I have been having trouble with my LAN over the past few days. My LAN was working fine until a few days ago. Long story-short, I accidentally reset my computer back to the state it was when it was new. This isn't a big problem for me. I updated everything back to it's previous state, reinstalled my wireless adapter, and got everything back to normal. My Internet is working fine, but my LAN says acquiring network address for 5 minutes before showing as Limited or No Connectivity. My PC has 2 Network Connections; my Wired LAN using an Ethernet cord from my Xbox 360 to my PC. My PC's Wireless Adapter connects to a router and then a modem. 

My LAN tells me the reason it has Limited Connectivity is because it can't obtain a network address from the network. My IP is configured to be automatically obtained (DHCP Enabled), but it instead gives me a Automatic Private Address (169). I have tried *MANY* methods to fix my DHCP, TCP/IP, and other Networkish stuff, but none of it works. 

I have also tried to set a static IP for my computer, and Xbox. Using numerous combinations of IP's and Gateways I finally got my Xbox to connect to the network. I set my Xbox's Ip to 192.168.2.94, Subnet to 255.255.255.0, Gateway to 192.168.2.93, and Primary DNS to 192.168.2.93. My PC was set at IP: 192.168.2.93, Subnet: 255.255.255.0, and DNS: 192.168.2.1. This let me connect to the network, but told me my DNS couldn't resolve the names of Xbox Live Servers. I found nothing wrong with my DNS, and I found no solutions to fixing it, so I assumed that the Xbox was wrong (The Xbox's only error with Internet is DNS related). I then set my setting all back to automatic.

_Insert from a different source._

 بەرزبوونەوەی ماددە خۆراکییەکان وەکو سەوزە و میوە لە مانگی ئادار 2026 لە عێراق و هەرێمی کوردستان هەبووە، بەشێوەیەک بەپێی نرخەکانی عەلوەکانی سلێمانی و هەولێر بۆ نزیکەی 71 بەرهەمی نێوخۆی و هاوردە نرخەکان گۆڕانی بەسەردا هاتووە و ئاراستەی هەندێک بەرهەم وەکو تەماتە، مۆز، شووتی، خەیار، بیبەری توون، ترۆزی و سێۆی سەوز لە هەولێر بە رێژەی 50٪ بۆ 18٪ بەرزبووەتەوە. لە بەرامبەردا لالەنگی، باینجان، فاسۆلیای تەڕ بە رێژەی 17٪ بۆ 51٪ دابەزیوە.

Looking for concrete proof of what was wrong, I tried using the commands _ipconfig/release _and _ipconfig/renew_. My Wireless was fine in renewing IP's, but my LAN had an error message; "Can't contact DHCP server." I assume this is the main root of all my problems, even if I can bypass it with static IP's. My Xbox used to work just fine connecting to Xbox Live, and I know it still can. I need any solutions you can give me on how to resolve this problem.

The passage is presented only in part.